Scores soar at HHS, DHS
District as a whole improves to eighth in state
Kyle Barnett - Oct 25, 2012
St. Charles Parish’s high schools have joined the elite schools in the state after a jump in performance scores led to an ‘A’ rating for both Hahnville and Destrehan.
In addition to the high schools going up a ranking, R.J. Vial also jumped from a C to a B. Most of the parish’s schools saw their performance scores increase without an increase in their grade ranking. New Sarpy Elementary and Norco Elementary experienced small declines in their performance scores.
The school system as a whole increased 11.6 points to 118.3, which is only 1.7 points short of an A grade for the entire school district. Also, St. Charles Parish went up four rankings to improve to the eighth best school district in the state out of 72 districts.
Felicia Gomez, assistant superintendent of secondary schools and quality assurance, said she expects the school district to keep on improving.
"We absolutely expect to be an A school district. It’s achievable," she said.
Concerning the district’s two high schools receiving the highest grade rating, Gomez said it is evidence that the school system as a whole is progressing.

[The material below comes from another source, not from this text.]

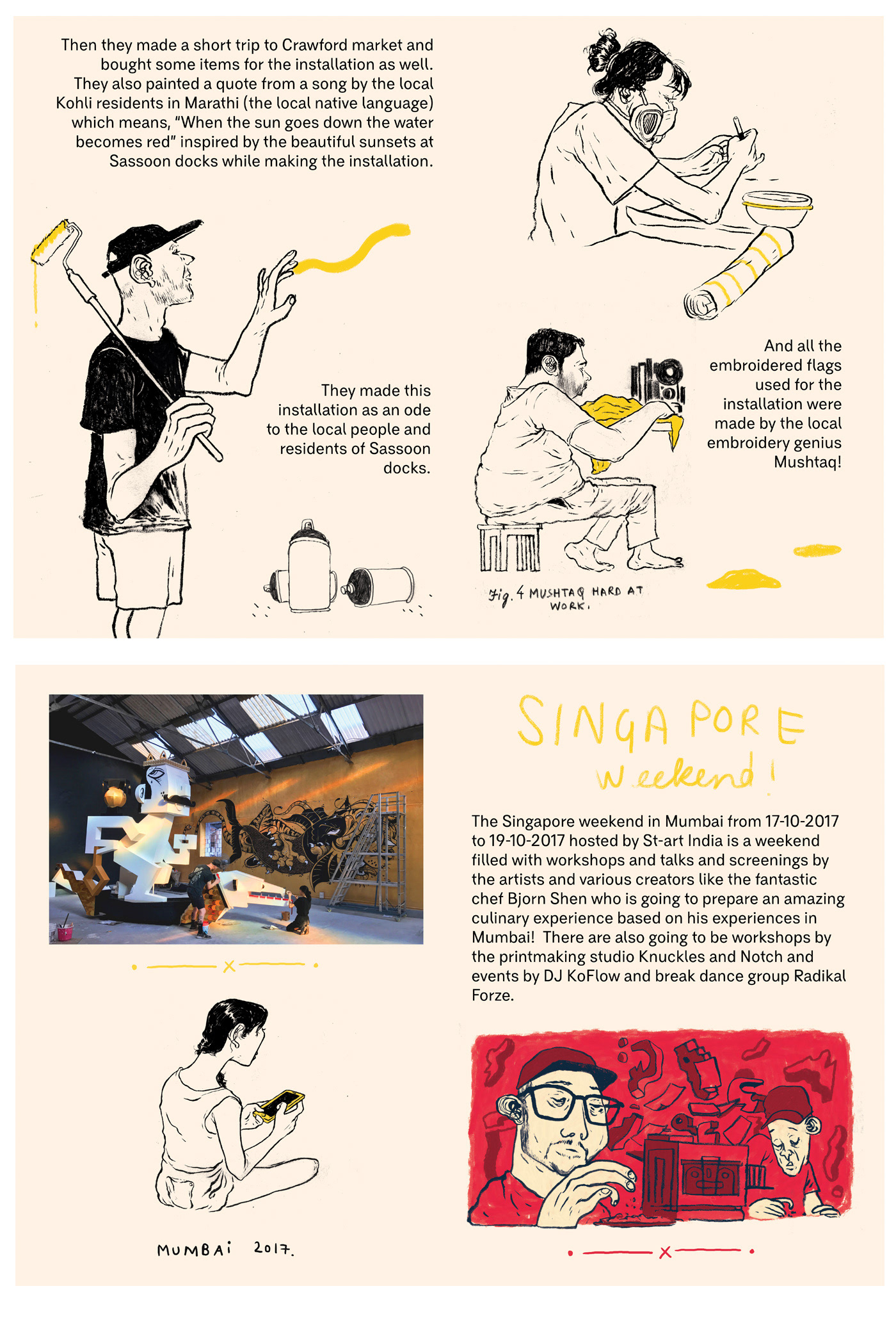 St-art India and Singapore tourism commissioned me to document and illustrate, Singaporean artists Tan Zi Xi, Yok and Sheryo's process of creating their installations at Sassoon Docks. I spent a couple of weeks making notes and live drawing them creating their installations in Mumbai.

"We are feeling excited and encouraged and feeling pretty good right now," she said. "We always say that high school is a culmination from Pre-K all the way through high school and I am pleased that the high school principals acknowledge and appreciate that. That shows that we operate as a school system rather than as a system of schools."
Ken Oertling, principal at Hahnville High School, said the A rating for his school is the culmination of many years of work on behalf of the community as a whole.

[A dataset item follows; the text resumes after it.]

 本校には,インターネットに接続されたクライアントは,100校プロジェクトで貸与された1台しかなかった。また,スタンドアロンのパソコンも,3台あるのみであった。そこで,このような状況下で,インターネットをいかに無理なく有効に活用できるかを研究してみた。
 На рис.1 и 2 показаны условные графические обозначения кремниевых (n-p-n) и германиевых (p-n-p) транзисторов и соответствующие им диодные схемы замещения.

"It’s really a reflection of the students, the faculty and staff, the community and the parents," Oertling said. "We’ve really tried to focus on making our school the top school in the state through more rigorous courses and we’ve had the support of our district staff as a vital component of supporting us."
Oertling credits interventionists placed in his school’s ninth grade as a big reason behind the continuing upswing in graduation rates, which factor into school ratings.

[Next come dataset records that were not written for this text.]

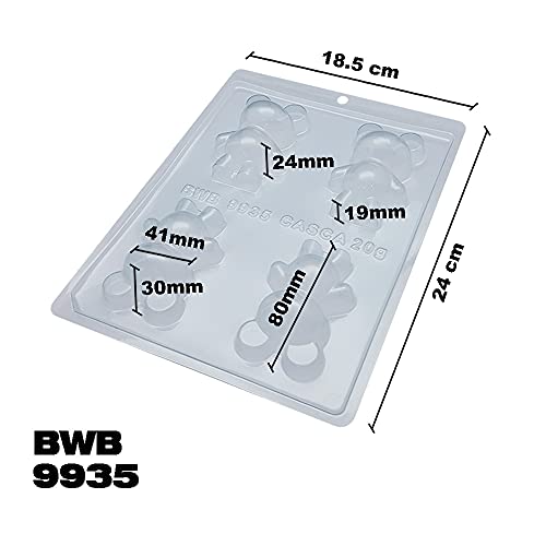 ✅【Progettazione】BWB 9935 Stampo 3 parti | Forma: Orsetto piccolo | Peso: guscio 50 g/unità | Dimensioni: 80 x 41 x 30 mm/unità | Cavità: 4 | Tipo: Forma speciale 3 parti | Gruppo: Dolci gourmet | Materiale: Plastica PET Tridimensionale | Colore: Trasparente | Prodotto da: BWB Imballagens Brasile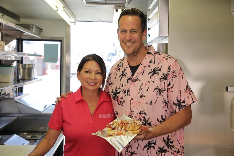 In Kalifornien verkostet Noah Cappe einen Zwiebelring-Hotdog.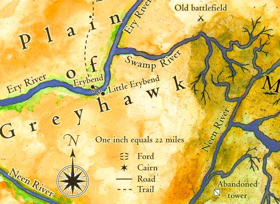 After this mornings breakfast (Jaron even cooked biscuits!), the company continued to ride on to the east, crossing only one well-used path, which Gimar said was from the Cairn Hills militia, patrolling the edge of the marsh. Still, Gimar seemed the experienced adventurer, and also appeared to have a good handle on that map he was staring at...

"We’re pulling them aside for brief periods of time to provide them with additional instruction for students who are struggling - those at-risk students - and providing them support all day at every period to really target our struggling students and provide those extra interventions," he said.
Hahnville’s ACT score is also on the rise, which will be all the more important this year as all juniors in the school will be required to take the examination as part of the new school performance score evaluations.
"Our composite ACT score is 20.6," Oertling said. "This is the first time we’ve beat the state average of 20.1 or 20.2 and we are shooting to go above the national average."
Oertling said despite the rise in his school’s ranking, there is still more work to be done.
"We are extremely proud of the student body, the faculty and staff and couldn’t be prouder, but we know we have a ways to go," he said.
Stephen Weber, principal at Destrehan High School, said he believes the environment that has been developed in his school has contributed to Destrehan’s progress over the years.
"I always say just walk into the school and watch how the students communicate with each other. You get a good feel of the atmosphere of the school," Weber said. "I am really more happy about how our students get along and handle themselves every day. That is paramount."
He said the attitude his students have about their community naturally leads to better school performance.
"If the performance scores go up, I believe it is because of the attitude of the kids and the attitude of the teachers," Weber said. "The character shown by the kids…we are creating productive citizens. I’m not talking about everyone going to college – I’m talking about class and character. That means so much to me."
Weber summed up the progress the school system has made by applauding the parish as a whole.
"St. Charles Parish has been doing anything and everything possible to try and challenge students and to raise expectations. It’s not just Destrehan High School," Weber said. "From the kindergarten classes to the elementary schools specifically on the East Bank to Hahnville and the middle schools, I think it is a concerted effort on behalf of our parish to at least meet the expectations of what the state is now requiring."